Вместо ответа Том тоже спросил:
– Я у тебя первый?
Отозваться на это можно было лишь одним образом.
Когда я вернул себе всё влитое в него с небольшой придачей и кое-как пришёл в себя, мальчик был уже мёртв. Он лежал на спине посреди скомканных и порванных листов, трухлявой мебели и горького дыма от потухшей свечи. В окне разгоралась розовоперстая заря, на устах цвела улыбка.
А мы еле спустились по лестнице – так были вымотаны.
– Прикрыть его не получилось, – сказал Гудбранд. – Типичное felo de se, как говорят крючкотворы.
– Не думаю, что оттого он сильно пострадает, – ответил я. – Благопристойные похороны его вдовой матушке явно будут не по карману. А стихи… Знаешь, я успел заглянуть в кое-какие бумаги, пока мы приводили его и себя в порядок. Это гениально и теперь уж не потеряется в веках.
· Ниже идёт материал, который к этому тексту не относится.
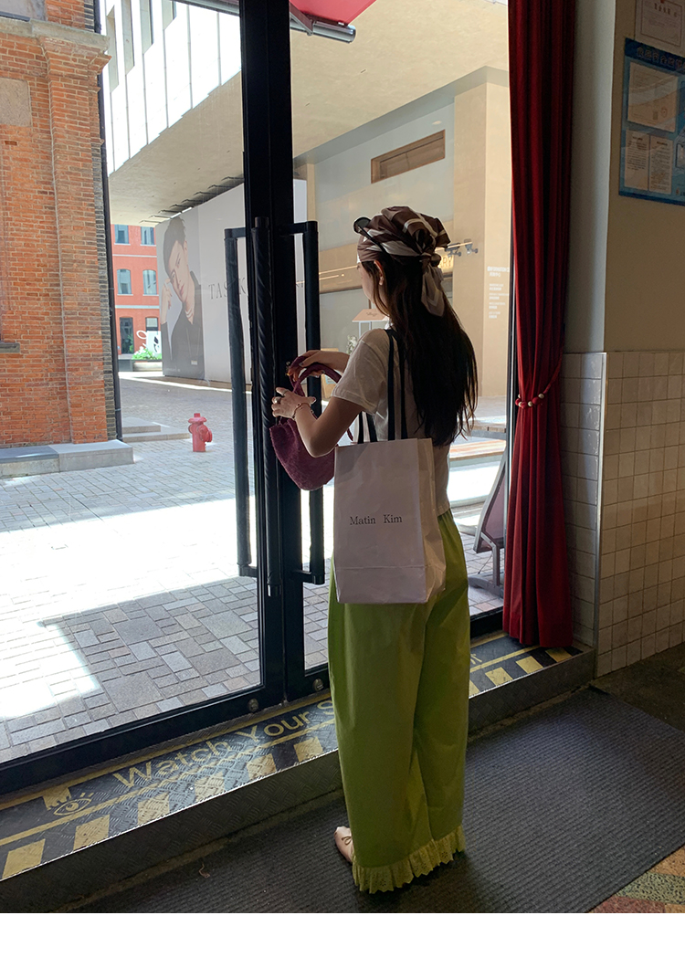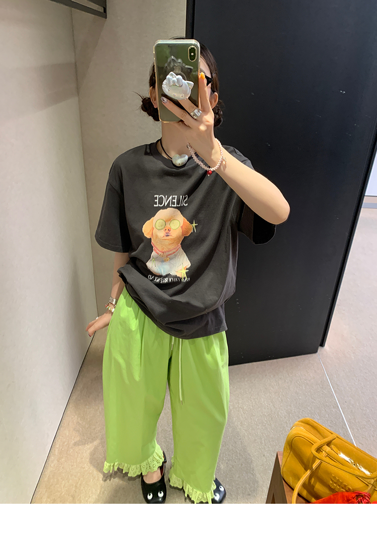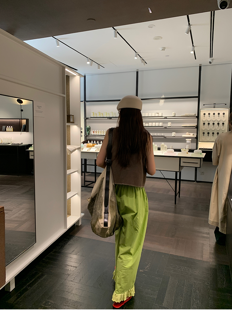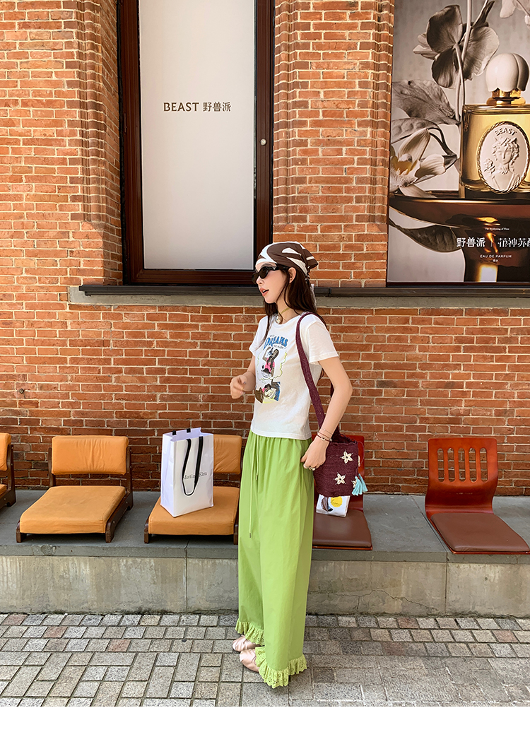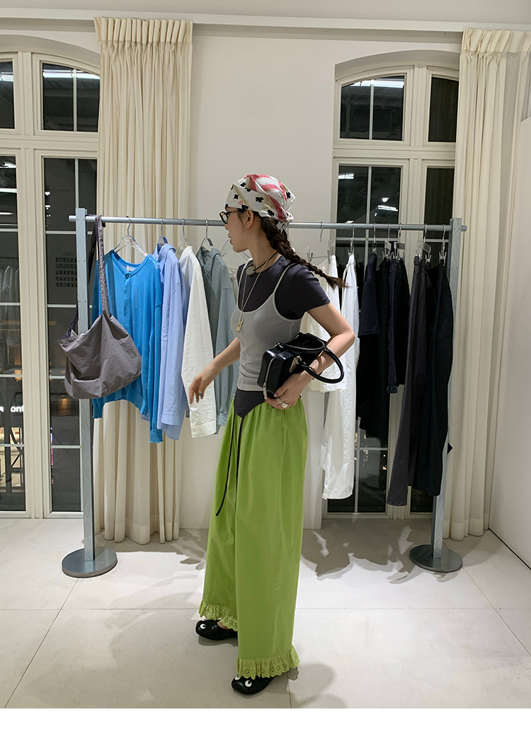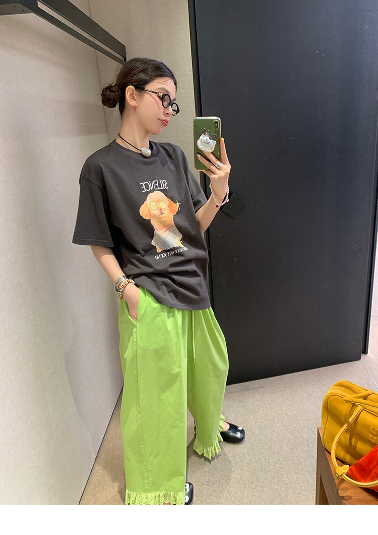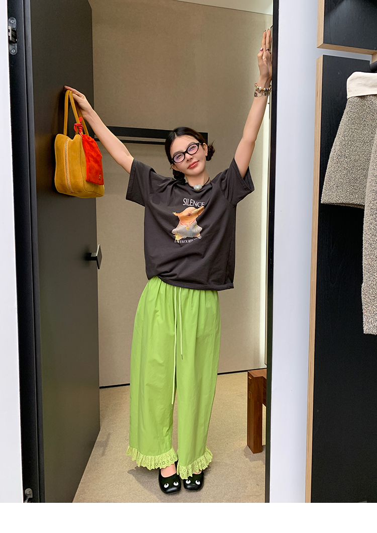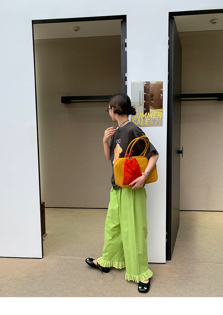 LRIB Fresh Apple Green Versatile Lace Lace Rope Casual Long Pants

Запечатано болью и кровью.
– Что же, остаётся утешиться этим обстоятельством. Больше ведь нечем, верно?
Диргу иногда удаётся уже в день инициации захватить столько плотских частиц, что они превышают критическую массу. И тогда, орошённое кровью своего невольного дарителя, является в этот мир дитя и плывёт внутри тканей, раздвигая собой клетки, как хилер. Такое благословение судьбы случается крайне редко, а к тому же я отдал мальчику слишком много своего.
Но всё же… Через сто с небольшим лет…
Молчу.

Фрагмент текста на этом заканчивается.